→ The data
== Segment start ==

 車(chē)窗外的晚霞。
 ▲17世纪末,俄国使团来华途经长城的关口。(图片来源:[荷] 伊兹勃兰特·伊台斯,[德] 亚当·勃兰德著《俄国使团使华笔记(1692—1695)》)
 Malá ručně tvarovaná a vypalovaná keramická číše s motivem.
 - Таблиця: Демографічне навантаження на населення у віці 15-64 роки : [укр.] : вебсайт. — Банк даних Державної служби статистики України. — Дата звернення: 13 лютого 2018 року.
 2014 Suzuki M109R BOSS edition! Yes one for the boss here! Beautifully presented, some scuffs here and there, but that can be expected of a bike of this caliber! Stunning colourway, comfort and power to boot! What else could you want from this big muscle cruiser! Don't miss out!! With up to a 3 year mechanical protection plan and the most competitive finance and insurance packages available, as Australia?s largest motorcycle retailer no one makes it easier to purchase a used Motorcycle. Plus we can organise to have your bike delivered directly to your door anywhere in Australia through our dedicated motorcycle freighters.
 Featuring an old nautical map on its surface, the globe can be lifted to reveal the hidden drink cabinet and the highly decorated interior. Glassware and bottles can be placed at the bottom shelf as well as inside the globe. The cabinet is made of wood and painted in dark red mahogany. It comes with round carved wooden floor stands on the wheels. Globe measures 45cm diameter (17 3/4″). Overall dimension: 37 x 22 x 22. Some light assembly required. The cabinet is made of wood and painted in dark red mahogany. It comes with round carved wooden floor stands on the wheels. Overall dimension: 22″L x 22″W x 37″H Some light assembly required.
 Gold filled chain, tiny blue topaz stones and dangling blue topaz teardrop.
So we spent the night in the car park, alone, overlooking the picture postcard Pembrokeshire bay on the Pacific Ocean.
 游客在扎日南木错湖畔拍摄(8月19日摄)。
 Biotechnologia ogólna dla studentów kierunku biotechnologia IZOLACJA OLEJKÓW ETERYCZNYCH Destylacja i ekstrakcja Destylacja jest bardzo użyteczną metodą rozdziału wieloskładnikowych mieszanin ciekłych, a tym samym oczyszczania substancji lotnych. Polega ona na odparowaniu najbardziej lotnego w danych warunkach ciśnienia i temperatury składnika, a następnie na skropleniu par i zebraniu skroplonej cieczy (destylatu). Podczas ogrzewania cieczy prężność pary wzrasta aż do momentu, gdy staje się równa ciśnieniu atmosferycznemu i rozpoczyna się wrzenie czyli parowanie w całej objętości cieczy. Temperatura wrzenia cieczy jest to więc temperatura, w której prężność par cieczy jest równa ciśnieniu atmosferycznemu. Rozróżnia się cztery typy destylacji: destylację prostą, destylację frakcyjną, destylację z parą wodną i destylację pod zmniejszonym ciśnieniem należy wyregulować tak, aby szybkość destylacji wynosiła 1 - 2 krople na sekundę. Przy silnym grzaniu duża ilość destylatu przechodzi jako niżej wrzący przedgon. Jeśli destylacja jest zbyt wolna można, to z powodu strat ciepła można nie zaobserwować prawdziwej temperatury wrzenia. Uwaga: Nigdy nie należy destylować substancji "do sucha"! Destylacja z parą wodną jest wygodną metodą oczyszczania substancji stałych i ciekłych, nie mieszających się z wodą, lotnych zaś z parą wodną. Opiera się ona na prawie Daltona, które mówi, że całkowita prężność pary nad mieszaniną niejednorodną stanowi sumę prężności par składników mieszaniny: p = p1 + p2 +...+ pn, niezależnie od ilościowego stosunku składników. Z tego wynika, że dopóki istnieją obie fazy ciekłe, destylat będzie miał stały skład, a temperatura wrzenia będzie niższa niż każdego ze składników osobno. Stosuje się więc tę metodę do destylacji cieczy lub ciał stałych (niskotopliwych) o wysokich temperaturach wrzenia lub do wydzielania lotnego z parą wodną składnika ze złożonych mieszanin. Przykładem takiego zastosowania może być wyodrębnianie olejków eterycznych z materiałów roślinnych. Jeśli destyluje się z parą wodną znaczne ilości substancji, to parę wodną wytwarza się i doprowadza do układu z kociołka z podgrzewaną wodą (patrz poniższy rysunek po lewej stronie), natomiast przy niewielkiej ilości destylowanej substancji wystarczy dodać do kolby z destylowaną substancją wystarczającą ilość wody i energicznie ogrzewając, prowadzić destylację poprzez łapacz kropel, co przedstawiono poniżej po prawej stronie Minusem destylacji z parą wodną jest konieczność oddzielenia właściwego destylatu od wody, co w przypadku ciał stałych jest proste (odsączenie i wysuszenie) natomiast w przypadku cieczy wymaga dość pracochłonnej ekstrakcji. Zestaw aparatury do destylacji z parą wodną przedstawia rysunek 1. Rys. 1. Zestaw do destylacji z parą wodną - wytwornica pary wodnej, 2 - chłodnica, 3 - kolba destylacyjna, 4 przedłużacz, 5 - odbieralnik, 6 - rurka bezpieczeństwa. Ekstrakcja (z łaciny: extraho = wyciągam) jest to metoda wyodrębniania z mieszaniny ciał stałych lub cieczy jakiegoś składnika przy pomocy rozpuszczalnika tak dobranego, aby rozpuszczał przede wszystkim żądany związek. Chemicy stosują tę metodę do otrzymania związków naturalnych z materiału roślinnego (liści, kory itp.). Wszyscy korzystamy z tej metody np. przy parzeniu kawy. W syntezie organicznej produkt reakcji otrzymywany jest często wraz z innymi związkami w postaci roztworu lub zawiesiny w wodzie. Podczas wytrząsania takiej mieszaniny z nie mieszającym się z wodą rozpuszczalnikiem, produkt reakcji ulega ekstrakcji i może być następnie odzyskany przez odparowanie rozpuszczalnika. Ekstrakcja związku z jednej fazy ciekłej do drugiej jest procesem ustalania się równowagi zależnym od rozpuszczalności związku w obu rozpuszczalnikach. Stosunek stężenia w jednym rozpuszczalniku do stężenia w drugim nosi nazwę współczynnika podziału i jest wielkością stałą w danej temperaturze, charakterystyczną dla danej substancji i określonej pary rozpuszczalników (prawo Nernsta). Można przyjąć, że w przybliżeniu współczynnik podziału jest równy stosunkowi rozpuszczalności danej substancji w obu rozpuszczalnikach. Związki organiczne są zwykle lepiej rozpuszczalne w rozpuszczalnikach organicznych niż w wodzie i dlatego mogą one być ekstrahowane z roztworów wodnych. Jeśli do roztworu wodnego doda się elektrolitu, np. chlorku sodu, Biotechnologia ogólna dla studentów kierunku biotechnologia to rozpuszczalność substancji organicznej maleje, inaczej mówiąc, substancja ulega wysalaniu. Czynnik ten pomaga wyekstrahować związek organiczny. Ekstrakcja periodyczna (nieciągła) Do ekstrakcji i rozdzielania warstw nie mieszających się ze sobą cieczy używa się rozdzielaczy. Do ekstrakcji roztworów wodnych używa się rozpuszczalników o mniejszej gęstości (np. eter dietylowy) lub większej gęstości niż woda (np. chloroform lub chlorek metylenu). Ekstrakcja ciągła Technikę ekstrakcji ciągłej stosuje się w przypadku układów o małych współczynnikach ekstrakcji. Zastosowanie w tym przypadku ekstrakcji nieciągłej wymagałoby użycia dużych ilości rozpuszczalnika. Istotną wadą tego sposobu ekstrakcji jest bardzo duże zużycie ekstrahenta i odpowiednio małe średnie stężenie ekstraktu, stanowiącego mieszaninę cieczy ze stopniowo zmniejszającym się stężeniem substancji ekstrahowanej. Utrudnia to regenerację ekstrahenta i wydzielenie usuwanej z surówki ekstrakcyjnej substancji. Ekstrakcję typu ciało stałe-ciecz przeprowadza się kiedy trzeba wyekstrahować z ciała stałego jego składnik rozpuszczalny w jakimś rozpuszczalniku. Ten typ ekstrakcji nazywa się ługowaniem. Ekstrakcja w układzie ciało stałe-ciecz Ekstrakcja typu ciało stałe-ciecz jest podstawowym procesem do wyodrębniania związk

== Segment end ==

→ Assignment
The listing above is to be reproduced without a single change.

→ Exercise answer
 車(chē)窗外的晚霞。
 ▲17世纪末,俄国使团来华途经长城的关口。(图片来源:[荷] 伊兹勃兰特·伊台斯,[德] 亚当·勃兰德著《俄国使团使华笔记(1692—1695)》)
 Malá ručně tvarovaná a vypalovaná keramická číše s motivem.
 - Таблиця: Демографічне навантаження на населення у віці 15-64 роки : [укр.] : вебсайт. — Банк даних Державної служби статистики України. — Дата звернення: 13 лютого 2018 року.
 2014 Suzuki M109R BOSS edition! Yes one for the boss here! Beautifully presented, some scuffs here and there, but that can be expected of a bike of this caliber! Stunning colourway, comfort and power to boot! What else could you want from this big muscle cruiser! Don't miss out!! With up to a 3 year mechanical protection plan and the most competitive finance and insurance packages available, as Australia?s largest motorcycle retailer no one makes it easier to purchase a used Motorcycle. Plus we can organise to have your bike delivered directly to your door anywhere in Australia through our dedicated motorcycle freighters.
 Featuring an old nautical map on its surface, the globe can be lifted to reveal the hidden drink cabinet and the highly decorated interior. Glassware and bottles can be placed at the bottom shelf as well as inside the globe. The cabinet is made of wood and painted in dark red mahogany. It comes with round carved wooden floor stands on the wheels. Globe measures 45cm diameter (17 3/4″). Overall dimension: 37 x 22 x 22. Some light assembly required. The cabinet is made of wood and painted in dark red mahogany. It comes with round carved wooden floor stands on the wheels. Overall dimension: 22″L x 22″W x 37″H Some light assembly required.
 Gold filled chain, tiny blue topaz stones and dangling blue topaz teardrop.
So we spent the night in the car park, alone, overlooking the picture postcard Pembrokeshire bay on the Pacific Ocean.
 游客在扎日南木错湖畔拍摄(8月19日摄)。
 Biotechnologia ogólna dla studentów kierunku biotechnologia IZOLACJA OLEJKÓW ETERYCZNYCH Destylacja i ekstrakcja Destylacja jest bardzo użyteczną metodą rozdziału wieloskładnikowych mieszanin ciekłych, a tym samym oczyszczania substancji lotnych. Polega ona na odparowaniu najbardziej lotnego w danych warunkach ciśnienia i temperatury składnika, a następnie na skropleniu par i zebraniu skroplonej cieczy (destylatu). Podczas ogrzewania cieczy prężność pary wzrasta aż do momentu, gdy staje się równa ciśnieniu atmosferycznemu i rozpoczyna się wrzenie czyli parowanie w całej objętości cieczy. Temperatura wrzenia cieczy jest to więc temperatura, w której prężność par cieczy jest równa ciśnieniu atmosferycznemu. Rozróżnia się cztery typy destylacji: destylację prostą, destylację frakcyjną, destylację z parą wodną i destylację pod zmniejszonym ciśnieniem należy wyregulować tak, aby szybkość destylacji wynosiła 1 - 2 krople na sekundę. Przy silnym grzaniu duża ilość destylatu przechodzi jako niżej wrzący przedgon. Jeśli destylacja jest zbyt wolna można, to z powodu strat ciepła można nie zaobserwować prawdziwej temperatury wrzenia. Uwaga: Nigdy nie należy destylować substancji "do sucha"! Destylacja z parą wodną jest wygodną metodą oczyszczania substancji stałych i ciekłych, nie mieszających się z wodą, lotnych zaś z parą wodną. Opiera się ona na prawie Daltona, które mówi, że całkowita prężność pary nad mieszaniną niejednorodną stanowi sumę prężności par składników mieszaniny: p = p1 + p2 +...+ pn, niezależnie od ilościowego stosunku składników. Z tego wynika, że dopóki istnieją obie fazy ciekłe, destylat będzie miał stały skład, a temperatura wrzenia będzie niższa niż każdego ze składników osobno. Stosuje się więc tę metodę do destylacji cieczy lub ciał stałych (niskotopliwych) o wysokich temperaturach wrzenia lub do wydzielania lotnego z parą wodną składnika ze złożonych mieszanin. Przykładem takiego zastosowania może być wyodrębnianie olejków eterycznych z materiałów roślinnych. Jeśli destyluje się z parą wodną znaczne ilości substancji, to parę wodną wytwarza się i doprowadza do układu z kociołka z podgrzewaną wodą (patrz poniższy rysunek po lewej stronie), natomiast przy niewielkiej ilości destylowanej substancji wystarczy dodać do kolby z destylowaną substancją wystarczającą ilość wody i energicznie ogrzewając, prowadzić destylację poprzez łapacz kropel, co przedstawiono poniżej po prawej stronie Minusem destylacji z parą wodną jest konieczność oddzielenia właściwego destylatu od wody, co w przypadku ciał stałych jest proste (odsączenie i wysuszenie) natomiast w przypadku cieczy wymaga dość pracochłonnej ekstrakcji. Zestaw aparatury do destylacji z parą wodną przedstawia rysunek 1. Rys. 1. Zestaw do destylacji z parą wodną - wytwornica pary wodnej, 2 - chłodnica, 3 - kolba destylacyjna, 4 przedłużacz, 5 - odbieralnik, 6 - rurka bezpieczeństwa. Ekstrakcja (z łaciny: extraho = wyciągam) jest to metoda wyodrębniania z mieszaniny ciał stałych lub cieczy jakiegoś składnika przy pomocy rozpuszczalnika tak dobranego, aby rozpuszczał przede wszystkim żądany związek. Chemicy stosują tę metodę do otrzymania związków naturalnych z materiału roślinnego (liści, kory itp.). Wszyscy korzystamy z tej metody np. przy parzeniu kawy. W syntezie organicznej produkt reakcji otrzymywany jest często wraz z innymi związkami w postaci roztworu lub zawiesiny w wodzie. Podczas wytrząsania takiej mieszaniny z nie mieszającym się z wodą rozpuszczalnikiem, produkt reakcji ulega ekstrakcji i może być następnie odzyskany przez odparowanie rozpuszczalnika. Ekstrakcja związku z jednej fazy ciekłej do drugiej jest procesem ustalania się równowagi zależnym od rozpuszczalności związku w obu rozpuszczalnikach. Stosunek stężenia w jednym rozpuszczalniku do stężenia w drugim nosi nazwę współczynnika podziału i jest wielkością stałą w danej temperaturze, charakterystyczną dla danej substancji i określonej pary rozpuszczalników (prawo Nernsta). Można przyjąć, że w przybliżeniu współczynnik podziału jest równy stosunkowi rozpuszczalności danej substancji w obu rozpuszczalnikach. Związki organiczne są zwykle lepiej rozpuszczalne w rozpuszczalnikach organicznych niż w wodzie i dlatego mogą one być ekstrahowane z roztworów wodnych. Jeśli do roztworu wodnego doda się elektrolitu, np. chlorku sodu, Biotechnologia ogólna dla studentów kierunku biotechnologia to rozpuszczalność substancji organicznej maleje, inaczej mówiąc, substancja ulega wysalaniu. Czynnik ten pomaga wyekstrahować związek organiczny. Ekstrakcja periodyczna (nieciągła) Do ekstrakcji i rozdzielania warstw nie mieszających się ze sobą cieczy używa się rozdzielaczy. Do ekstrakcji roztworów wodnych używa się rozpuszczalników o mniejszej gęstości (np. eter dietylowy) lub większej gęstości niż woda (np. chloroform lub chlorek metylenu). Ekstrakcja ciągła Technikę ekstrakcji ciągłej stosuje się w przypadku układów o małych współczynnikach ekstrakcji. Zastosowanie w tym przypadku ekstrakcji nieciągłej wymagałoby użycia dużych ilości rozpuszczalnika. Istotną wadą tego sposobu ekstrakcji jest bardzo duże zużycie ekstrahenta i odpowiednio małe średnie stężenie ekstraktu, stanowiącego mieszaninę cieczy ze stopniowo zmniejszającym się stężeniem substancji ekstrahowanej. Utrudnia to regenerację ekstrahenta i wydzielenie usuwanej z surówki ekstrakcyjnej substancji. Ekstrakcję typu ciało stałe-ciecz przeprowadza się kiedy trzeba wyekstrahować z ciała stałego jego składnik rozpuszczalny w jakimś rozpuszczalniku. Ten typ ekstrakcji nazywa się ługowaniem. Ekstrakcja w układzie ciało stałe-ciecz Ekstrakcja typu ciało stałe-ciecz jest podstawowym procesem do wyodrębniania związk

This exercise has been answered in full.